◆ **What to work on**: When you copy from the entries that follow, take only the lines from the one with "- radio shack" down to the one with "Featuring a knitted", keeping both ends and dropping every picture.

** Data extracts follows **

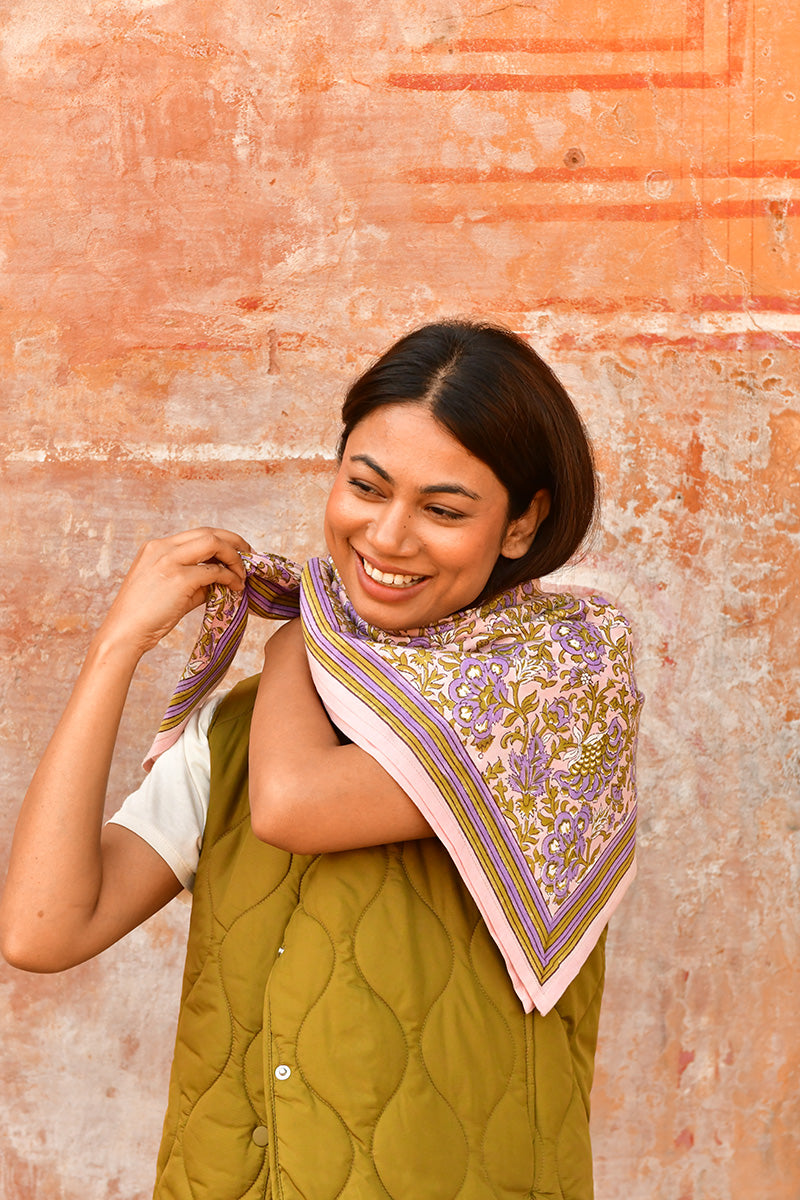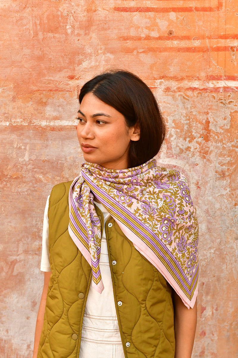 🖐️ Grand foulard imprimé artisanalement dans un atelier du nord de l'Inde, au Rajasthan. L'impression se fait selon le savoir-faire traditionnel de l’impression au block print, avec des tampons de bois taillés et sculptés à la main, trempés dans des encres d’origine végétale et apposés manuellement sur le tissu, en plusieurs couches, avec une maîtrise époustouflante. Des irrégularités d’impression et des nuances de couleurs sont visibles et reflètent la beauté de ce travail artisanal traditionnel. Chaque pièce est donc unique !
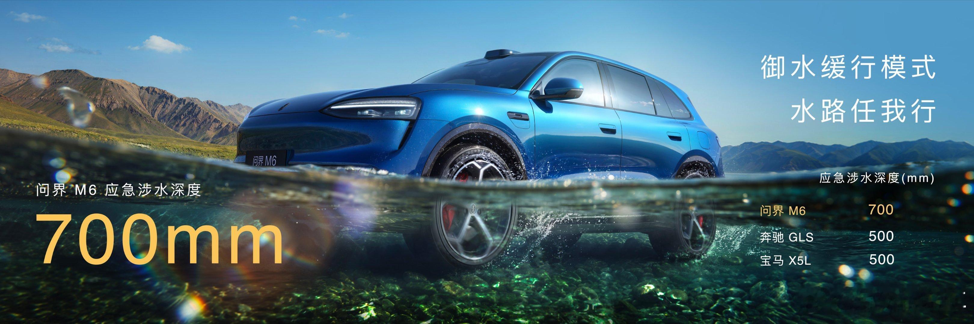 鸿蒙智行发布会 问界M6全系标配华为途灵平台,前双叉臂独立悬架搭配后五连杆独立悬架。全系标配闭式空气悬架搭配连续可变阻尼减振器,搭载道路预瞄,冲击感降低15%。搭配HUAWEI DATS 3.0,打滑程度降低60%,一路开,一路稳。支持御水缓行模式,应急涉水深度达700mm,“水路任我行”。猫头鹰极致转向可实现最小5.5m转弯半径,窄路掉头也能从容一把过。问界M6动态评测首发 广州·大湾区体育馆
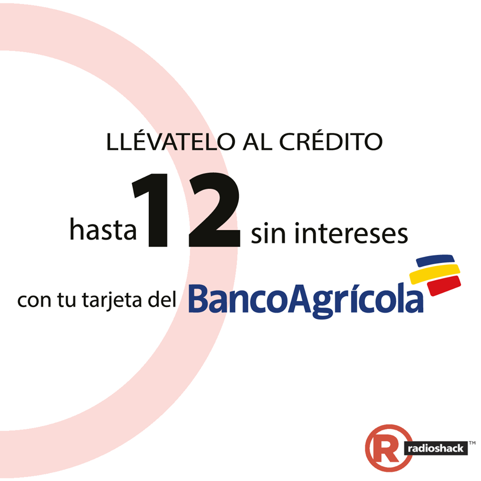 - radio shack promocion 12 cuotas tasa cero con banco agricola
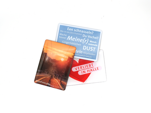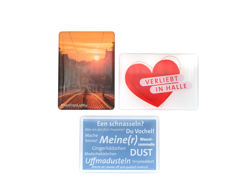 Attachment to fall in love with Rectangular, magnetic, good... Product Information: Size 7cm x 5cm Motive: „Verliebt in Halle“
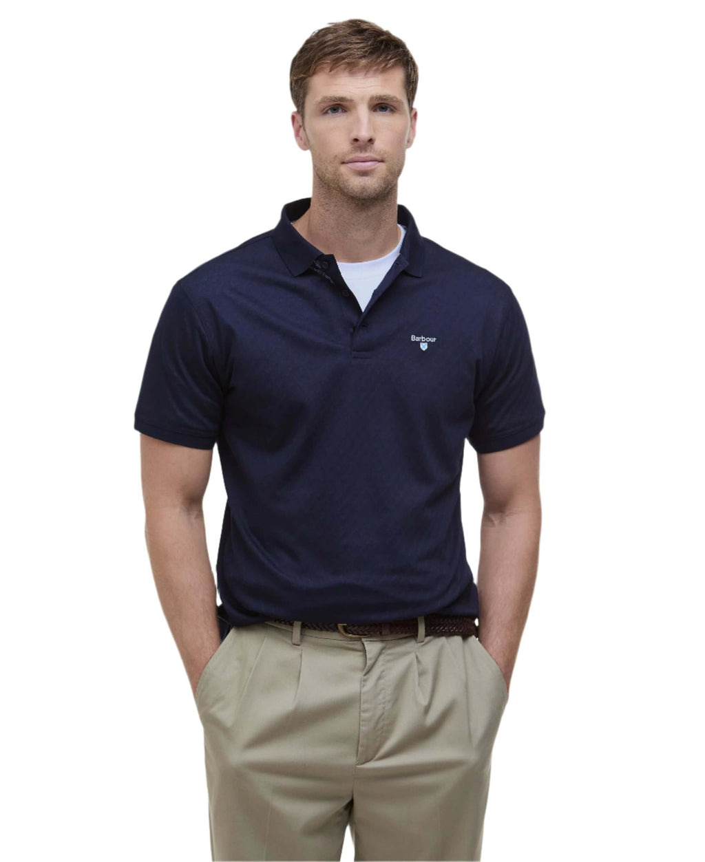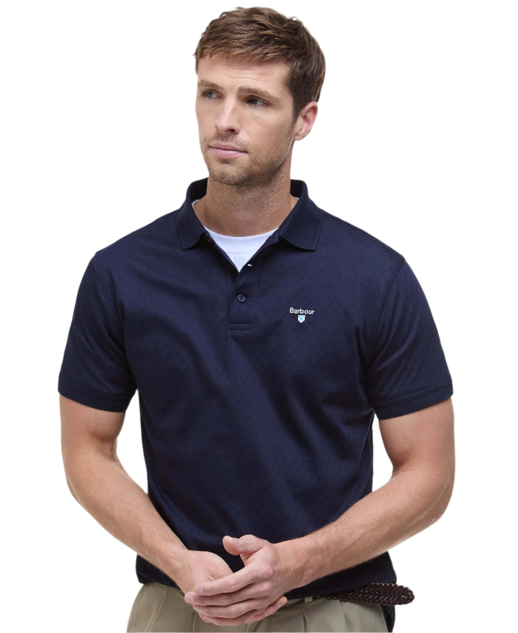 Featuring a knitted jacquard design, the Sutton Polo Shirt is cut to a tailored fit for a premium everyday staple. This polo shirt is finished with a Barbour crest embroidered branding to the left chest.
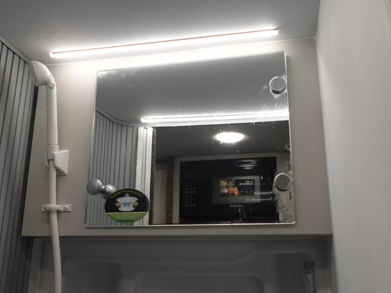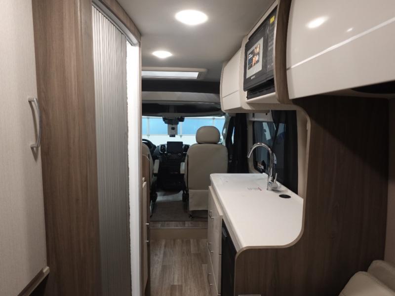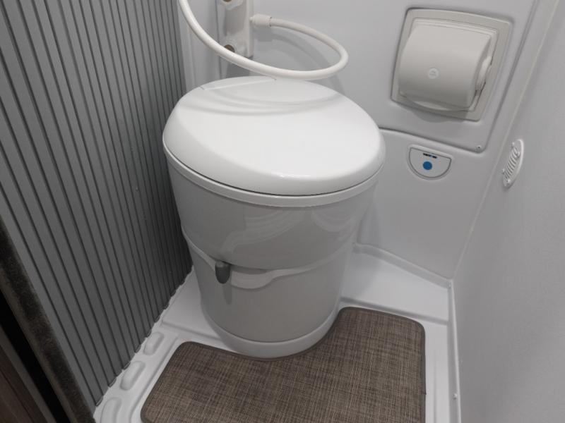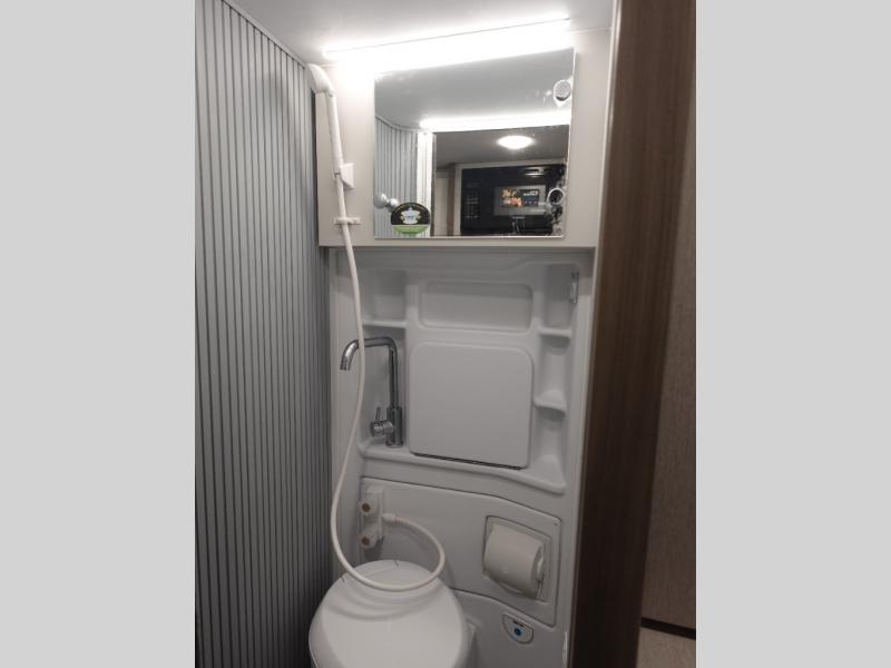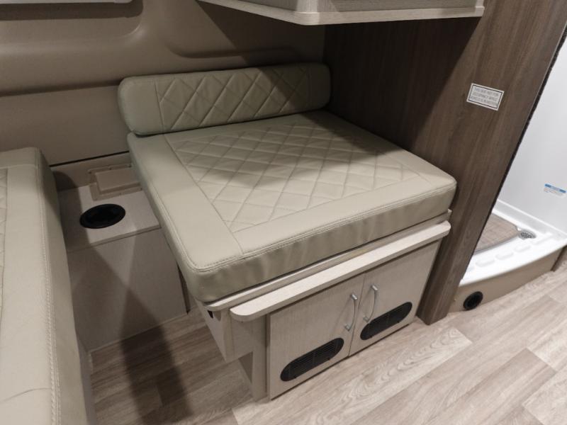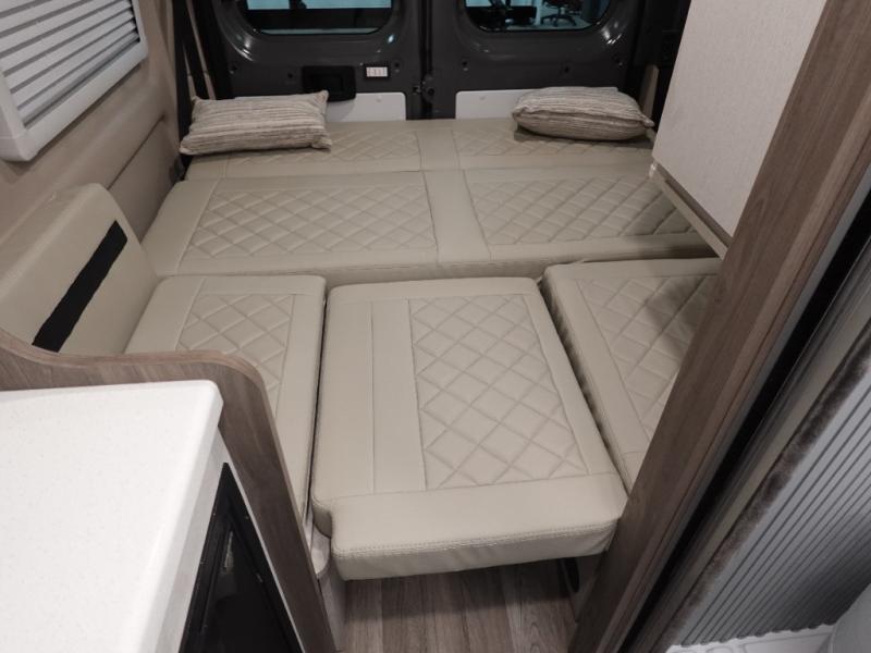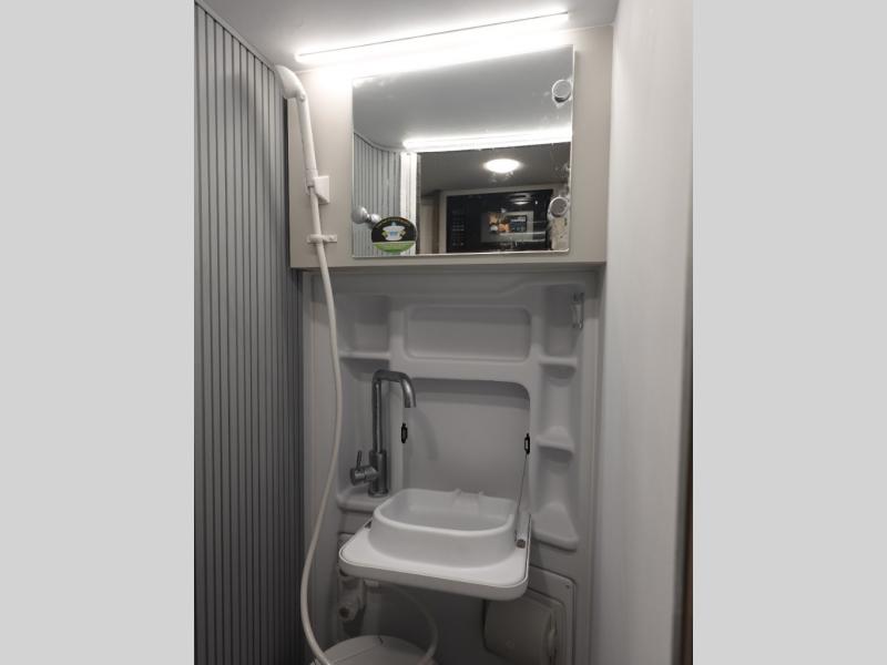 You'll want to take this Tellaro Class B gas motorhome out on the road as your permanent home when you see the comfort it provides! There is a removable table on a swing arm in front of a seating area, so you have a place to work each day. This area can also be used for dining later on in the day. The large skylight in the living area provides you with sunshine while you work, and the fully enclosed wet bathroom has a cassette toilet for easy disposal of waste. The manual rear sofa bed system is where you will spend your nights sleeping like a baby, and you even have a 24" Smart TV back here by the sofa to watch while you're lounging or resting for the night.
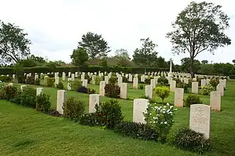 Trincomalee British War Cemetery (also known as Trincomalee War Cemetery) is a British military cemetery in Trincomalee, Sri Lanka, for soldiers of the British Empire who were killed or died during World War II. The cemetery also has graves of Dutch, French, Italian and other allied forces. The cemetery is located on Trincomalee–Nilaveli (A6) Road, approximately 6 kilometres (3.7 mi) north of the town of Trincomalee, on the eastern side. It is one of the six Commonwealth war cemeteries in Sri Lanka, and maintained by Sri Lankan Ministry of Defense on behalf of the Commonwealth War Graves Commission.[2]
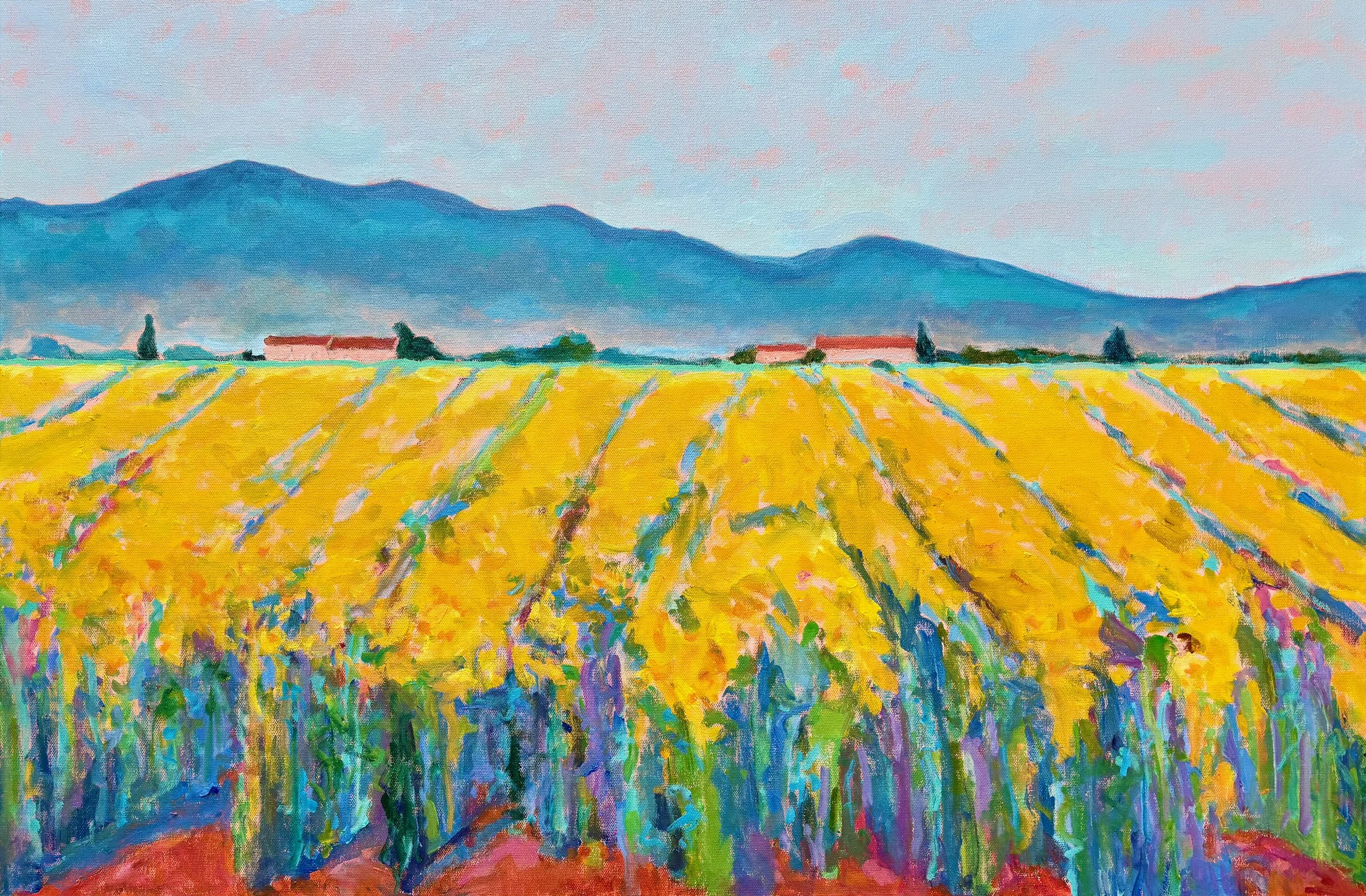 Tom takes the viewer along as she travels the back roads of Italy, a field of lavender in Provence, an umbrella-strewn beach in East Hampton. Landscapes and structures are predominant in her paintings with figures rarely seen, but implied. The viewer is invited to enter the painting – an empty chair is left to fill, a worn footpath leads to an old villa perched above a grove of olive trees where one can sit and drink a glass of wine. Through her deft use of color and light, Tom invites us to celebrate the world.

** End of Data extracts **

◆ **Written answer**:
 - radio shack promocion 12 cuotas tasa cero con banco agricola
 Attachment to fall in love with Rectangular, magnetic, good... Product Information: Size 7cm x 5cm Motive: „Verliebt in Halle“
 Featuring a knitted jacquard design, the Sutton Polo Shirt is cut to a tailored fit for a premium everyday staple. This polo shirt is finished with a Barbour crest embroidered branding to the left chest.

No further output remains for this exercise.